Mimi Hall, Plumas County supervisor elect

Supervisor-elect Mimi Hall has suggested previously that the county’s purchasing policy was violated by negotiating a major contract without seeking bids from other companies. In a Zoom comment Dec. 17, she added that state government code requires a public hearing noticed two weeks in advance and published in a local publication.

“We didn’t follow that process,” Hall commented Dec. 17 on Zoom.

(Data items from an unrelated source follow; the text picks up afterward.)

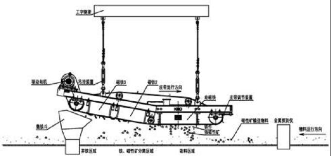 磁性矿带式电磁除铁器,采用复合磁场结构,以连续工作原理,将磁性矿中的铁件除掉。它实现了集吸铁、铁矿分离、矿石回收、弃铁于一体的功能。其工作原理如下:当输送带的金属探测仪探测到铁件通过时,金属探测仪立即发出信号给程序控制柜,则此时程序控制柜对电磁除铁器进行强励磁,当铁件到达除铁器下方则被强大的磁力吸上来,同时此时磁场较强则将一些矿石不可避免地带出来;同时带式除铁器卸料皮带连续工作,将吸取的物料搬运至弱磁场区域。在弱磁场区域由于磁性矿与铁件的磁性差异,磁性矿不被吸住而掉入输送皮带上而被回收,铁件继续被搬运至无磁区以一定的速度抛入卸铁箱中。与RCDP系列显著的区别在于此系列可连续工作,不会因除铁而引起系统生产的停止。由于除铁器与输料皮带采用水平面布置,无需RCDP的中间平台等,故占用空间少。
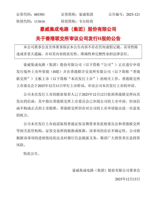 IT之家 12 月 12 日消息,豪威集团今日公告,公司正在进行申请发行境外上市外资股(H 股)并在香港联交所主板上市的相关工作。香港联交所上市委员会于 2025 年 12 月 11 日举行上市聆讯,审议公司本次发行上市的申请。
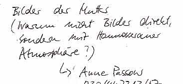 ch der Gespräche, zum ersten Mal in dem rekultivierten Neuhardenberg, einziges Thema und Motiv erster Überlegungen für den Raum, den ich zu machen eingeladen war. Kombiniert mit den Chören Schuberts (Tod und das Mädchen und der Wanderer, plus Der Mond ist aufgegangen), wie in der Matinee des BE gerade vorgeführt und aufgenommen, -abgebrochen von Schleef im Januar 01 vor dem Tode. Als das dann Vor-weg-genommen war in den Kestner Gesellschaft Hannover jetzt im Juni vor Neuhardenberg im August/September, kam ich auf neue Spuren des Ende im nachfolgenden Abbruch der Nietzsche Triologie in Wien(Nietzsche-Projekt Mai Juni), das dann nicht mal zu Proben führte, aber Pläne, Skizzen hinterliess. Immer näher kam ich an ihn und dessen, was er nicht mehr tun konnte.

A separate government code requires a public hearing, noticed two weeks in advance, for a public agency to enter into a financing contract. At the August 20 meeting, when the supervisors first discussed the ENGIE funding package, the item was posted on the agenda under planning, treasurer/tax collector. The goal was to approve a $10.8 million loan package. The supervisors continued that discussion to Sept. 3, when it appeared on the agenda under departmental matters, debt committee presentation. Neither agenda announced a public hearing. The $10.8 million loan was approved Sept. by a 4-1 vote, with Engel voting no.

Hall also questioned the savings asserted by ENGIE over the 30-year life of the contract. “$4.8 million in guaranteed savings compared with $5 million in financing costs over 30 years isn’t a savings to me. It’s not even a net zero,” Hall said. 

ENGIE contract addresses years of “neglect”

The $10.9 million on the table Dec. 17 is to fund the immediate replacement of generators and HVAC systems. Several have failed; the county can’t wait for ENGIE’s comprehensive overhaul of the county’s energy system, said County Administrative Officer Debra Lucero. ENGIE will reimburse these costs, she said.

Lucero vigorously defended the process the county has used in its negotiations with ENGIE. She cited county policy for contracts that allow the use of a single source for large capital projects.

The county’s purchasing policy stipulates that all contracts greater than $25,000 require a competitive bid process involving a public notice soliciting bids posted at least 10 days before opening the bids. It includes exceptions for services that are “the only product or service that satisfies” the bid requirements, “usually because of a technological, specialized, or unique character, or proprietary nature.” 

Lucero also cited the urgency of dealing with the county’s aging energy infrastructure. Some equipment is beyond repair. Malfunctioning HVAC systems have jeopardized the health of county workers, provoking a complaint filed with OSHA. Failing energy systems are taking a toll on workforce morale and increasing the costs of temporary repairs, she said. All the while the county’s Pacific Gas and Electric Co. costs have escalated in two years from $843,000 to $1.3 million, Lucero said.

The current transfer of funds to capital improvements is part of a much larger project. “We are really at the Nth hour here,” she said. If the ENGIE contract is jeopardized the county will lose a $90,000 incentive, Lucero said.

“What we’re trying to do is replace 40 years… of neglect of our equipment in two years to hopefully get us up to speed,” she said.

Supervisor Tom McGowan supported Lucero, citing the financing bind that had kept previous boards from dealing with the county’s energy infrastructure crisis. They have acknowledged the need but haven’t had the funding to replace aging equipment, he said. 

“This whole thing can be picked apart until nothing gets done.”

Tom McGowan, Plumas County supervisor

“ENGIE has provided the financing that we could not afford because our credit score was so low… They guarantee the cost with the savings. It’s a no brainer,” McGowan said. “This whole thing can be picked apart until nothing gets done.”

Hagwood added: “This is a comprehensive, exhaustive approach to defer maintenance and infrastructure failures.”

After nearly an hour of discussion, Hagwood seconded Supervisor Dwight Ceresola’s motion to approve the $10.9 million transfer. It passed 4-1. Engel voted no.